Above somebody stated Thatcher's large role in this. Yes this is true but even there this was surely happening largely throughout the 70s - Thatcher merely increasing the pace
With the 'boom' of the late 80s the losers, the people on the other side, were manifest and clear, and still had a voice of some kind (though it was to be the last time they were to have a voice). With the 'boom' of the last 10 years, the losers were swept under the carpet, we were told they didn't exist, the unemployment figures massaged. The long term unemployed are surely the children of the working class that lost entire sectors of industry sold down the river by the wholesale outsourcing and exporting of work abroad over the last 3 decades.

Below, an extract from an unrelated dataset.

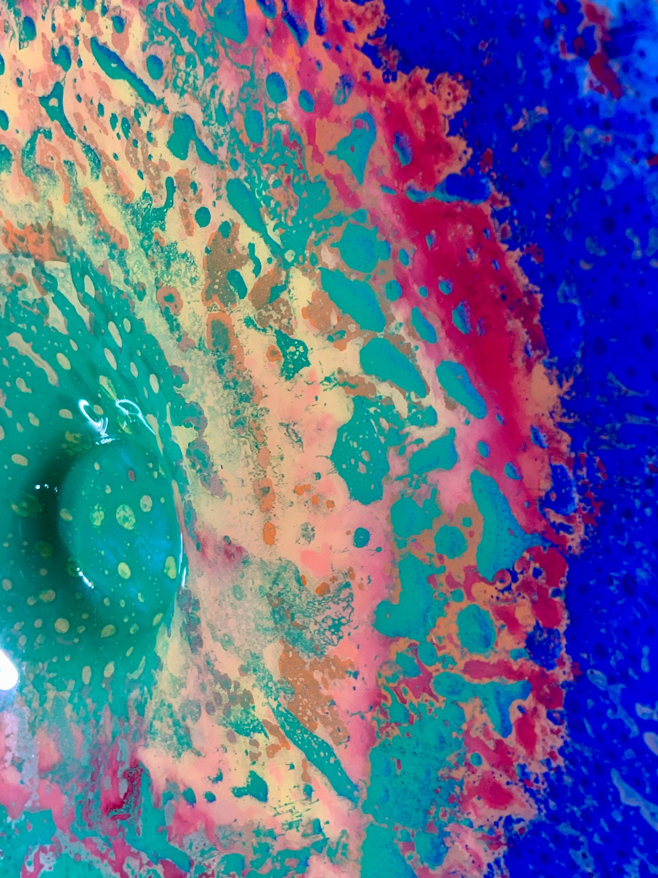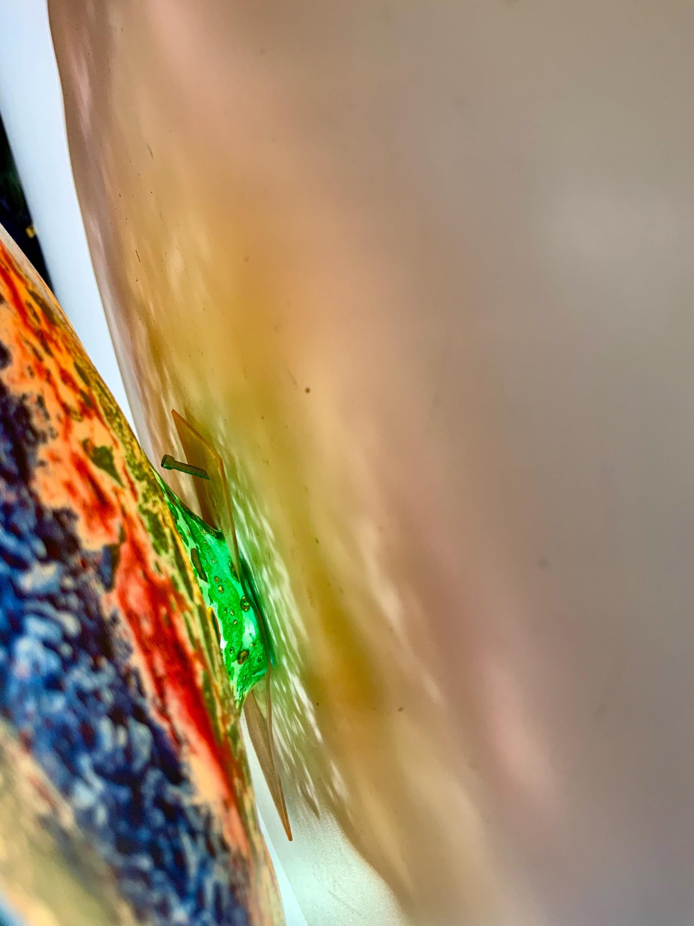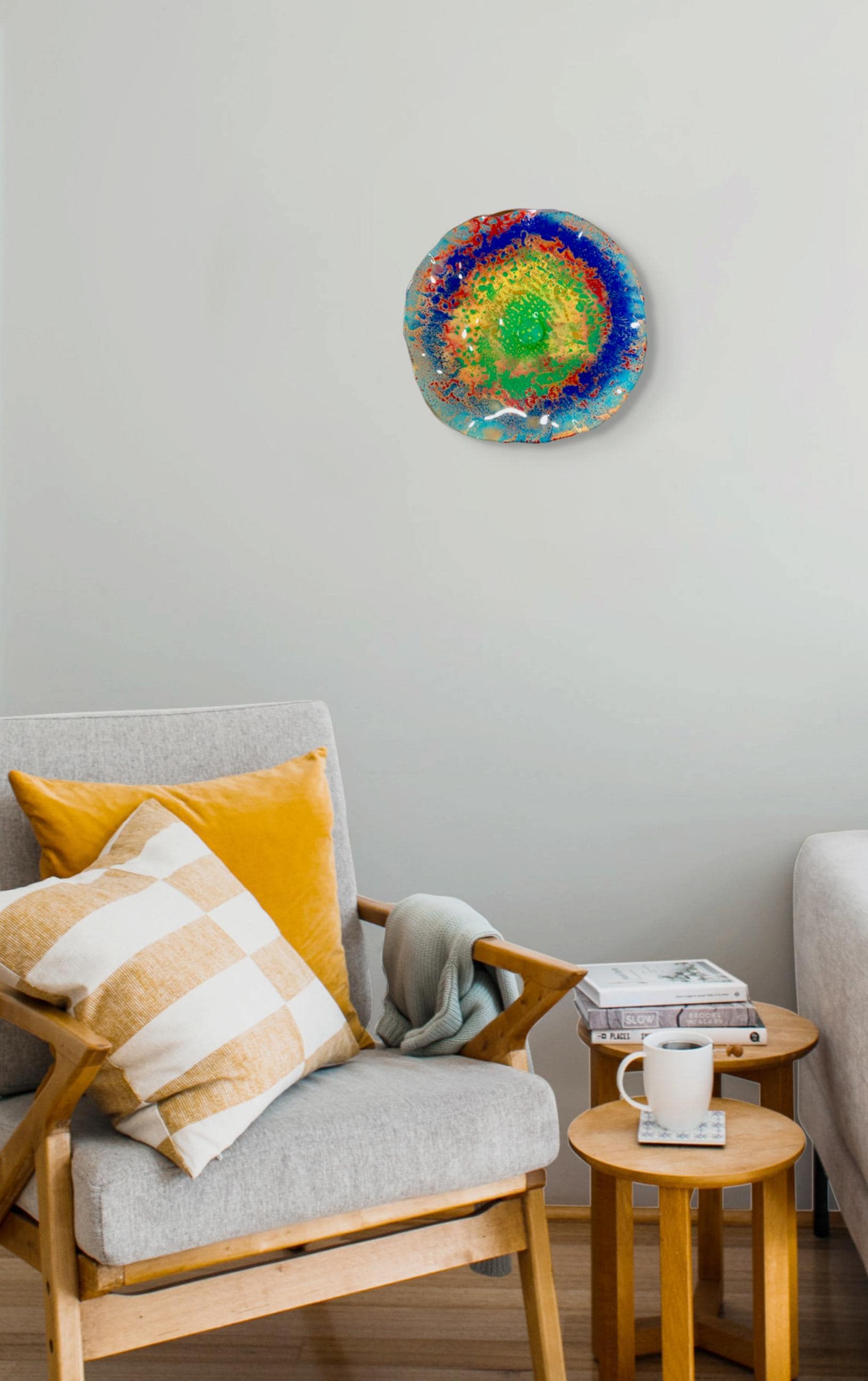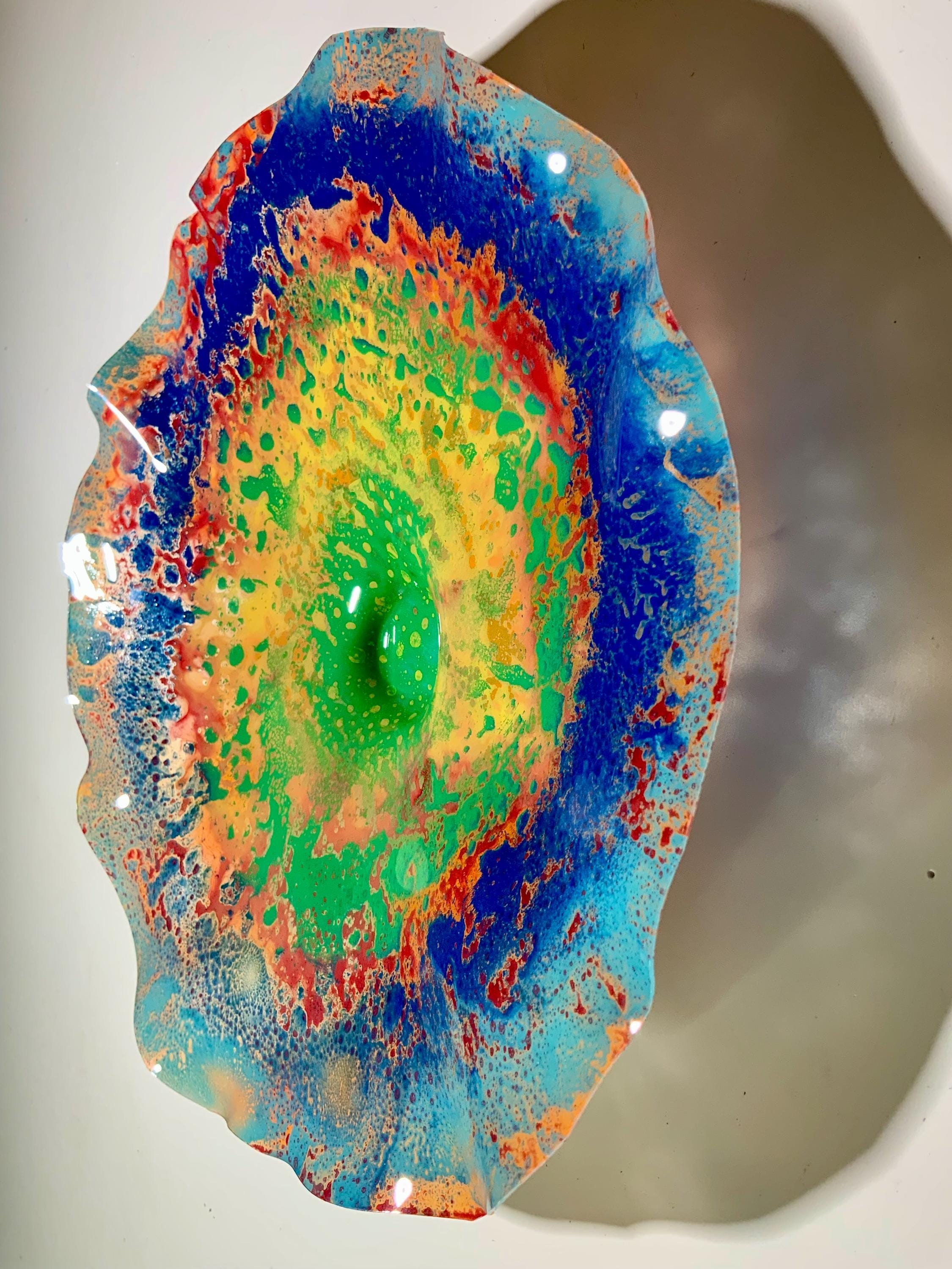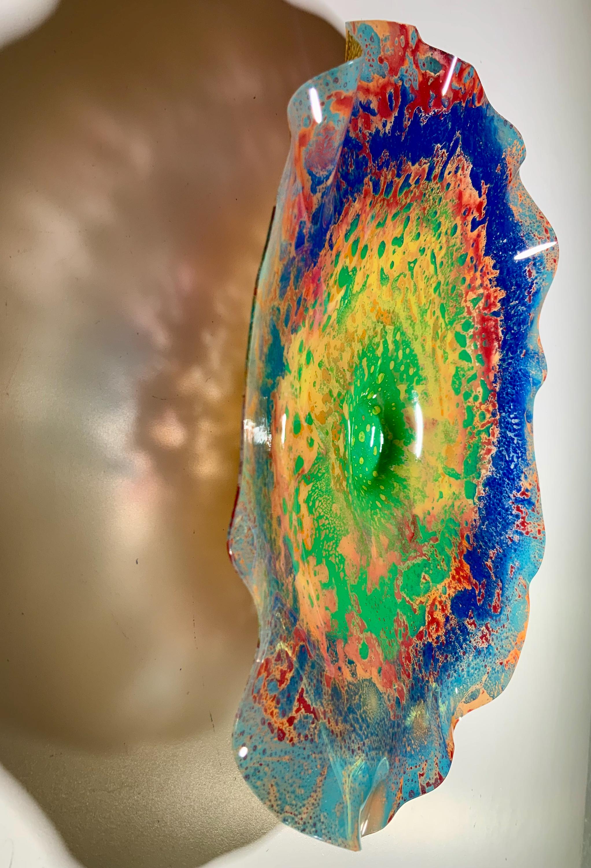Wall flower cool vibes with blue, aqua,orange, yellow and green. The light filters through casting a colorful effect on the hanging surface.

But they wanted cheaper labour costs abroad and powerless employees
― Fletcher, Wednesday, 3 December 2008 21:24 (sixteen years ago)
good luck grimlord.
― venkman boners are totally canon (sic), Wednesday, 3 December 2008 21:32 (sixteen years ago)
yeah that sucks Grimly, hope things turn out well.

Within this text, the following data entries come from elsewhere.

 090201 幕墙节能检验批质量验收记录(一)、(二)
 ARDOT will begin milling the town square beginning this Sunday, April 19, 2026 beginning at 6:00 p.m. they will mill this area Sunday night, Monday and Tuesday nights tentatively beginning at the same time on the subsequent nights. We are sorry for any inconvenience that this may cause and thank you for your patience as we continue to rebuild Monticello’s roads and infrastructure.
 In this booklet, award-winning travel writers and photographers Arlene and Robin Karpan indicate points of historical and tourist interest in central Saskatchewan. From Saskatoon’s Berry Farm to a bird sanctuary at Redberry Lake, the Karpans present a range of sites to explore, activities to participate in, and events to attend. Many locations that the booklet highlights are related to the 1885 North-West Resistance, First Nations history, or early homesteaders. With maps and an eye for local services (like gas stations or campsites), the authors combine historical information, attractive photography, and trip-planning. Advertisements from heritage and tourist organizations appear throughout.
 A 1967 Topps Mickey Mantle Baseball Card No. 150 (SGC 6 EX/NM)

― Neil S, Wednesday, 3 December 2008 21:35 (sixteen years ago)
Keep on trucking, Grim. You don't strike me as a guy to let them bastards grind you down.

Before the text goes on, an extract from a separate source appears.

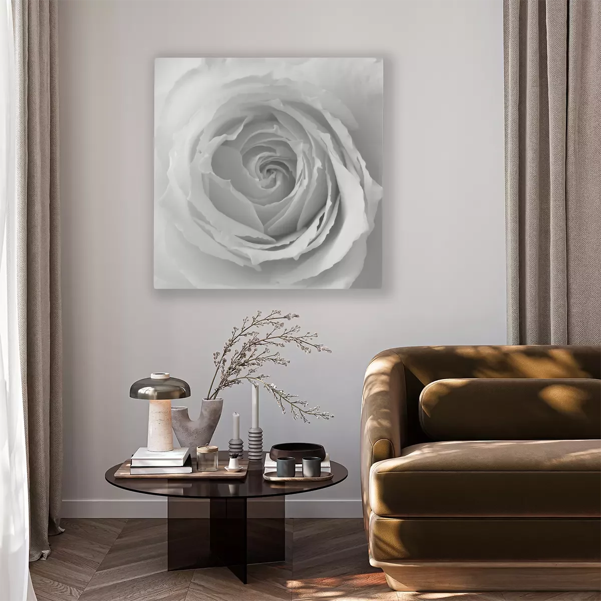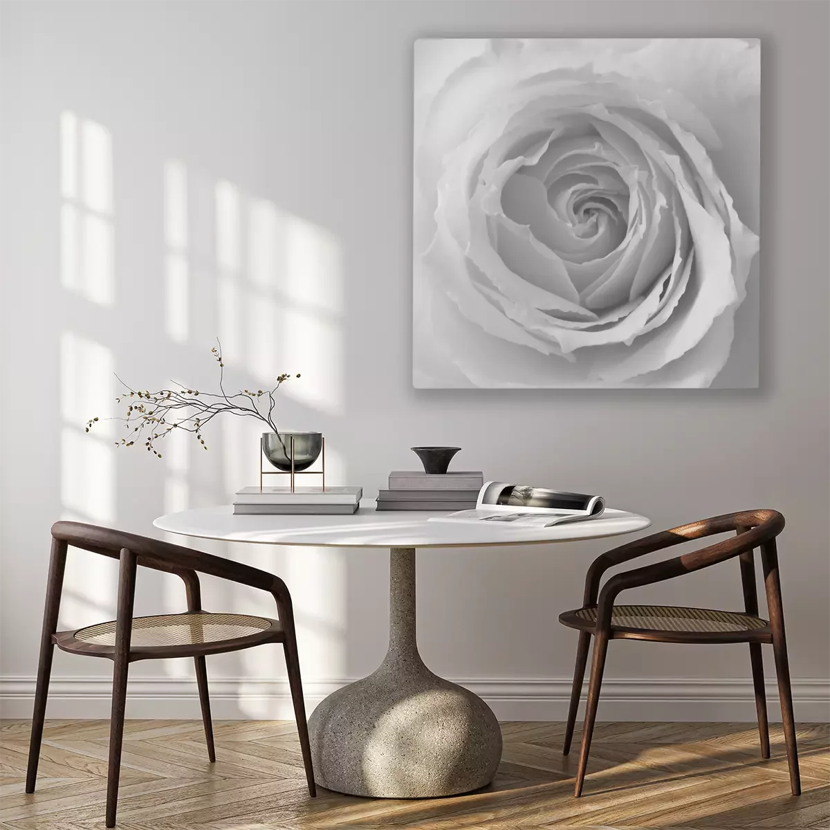 De print wordt aangebracht op hoogwaardig canvas dat op een schildersweefgetouw (spieraam) wordt gespannen. Omdat de print de zijranden bedekt, hoeft het ontwerp niet met een extra kader te worden omlijst. Wij raden ook composities aan die uit meerdere foto's bestaan en zo een coherente compositie vormen.

― Me and Ruth Lorenzo, Rollin' in the Benzo (Noodle Vague), Wednesday, 3 December 2008 21:51 (sixteen years ago)
Sorry, Grimly. I remember you saying not too long ago you'd made a sacrifice in your work-life in order to do something more meaningful. I'd hate to think that was a bad decision, now, but hey, gotta look ahead not behind anyway.
― Bimble Is Still More Goth Than You, Wednesday, 3 December 2008 21:56 (sixteen years ago)
man, sorry grimly. i know a good double handful of people out of work at the moment, in a range of industries (although concentrated in media). i expect i'll know even more by this time next year. (assuming i'm not among them, which is always possible.) it's gonna get transatlantic ugly.
― tipsy mothra, Wednesday, 3 December 2008 22:51 (sixteen years ago)
Media industry's crazy right now. Back in February there were 50/55 jobs on national magazines on Gorkana. Currently there's nine.
― Peter "One Dart" Manley (The stickman from the hilarious 'xkcd' comics), Wednesday, 3 December 2008 22:52 (sixteen years ago)
Media Guardian thinner than I've ever seen it as well.
― Matt DC, Wednesday, 3 December 2008 23:01 (sixteen years ago)
I dunno, in terms of London there seem to be quite a few media jobs, though that said I've been applying for stuff for about 4 weeks and no interviews yet. But the jobs are there. I feel v lucky to have BBC internal jobs available to me on top of reading the papers etc...
― Local Garda, Wednesday, 3 December 2008 23:07 (sixteen years ago)
i'm tempted to sack off my admin job and just sign on benefits for depression or something. if the gov pays my rent, then i shouldn't be too out of pocket.
― mensrightsguy (internet person), Wednesday, 3 December 2008 23:32 (sixteen years ago)
Sorry to hear, grimly, and good luck.
Going back some time here, but:you people do realise there is no fucking excuse in this day and age for a person to be out of work for any period over, say, ten days, right? If you want to piss and moan that all the jobs out there are "beneath you", fine
Doesn't matter what "you" think, if the employer thinks the job might be "beneath you" (e.g. person with experience of supposed skilled professional career applying for temping, retail, manual work), your CV goes in the bin under the assumption that you wouldn't accept anyway / you'll quit after a week / there must be something terribly wrong with you to consider a change of career.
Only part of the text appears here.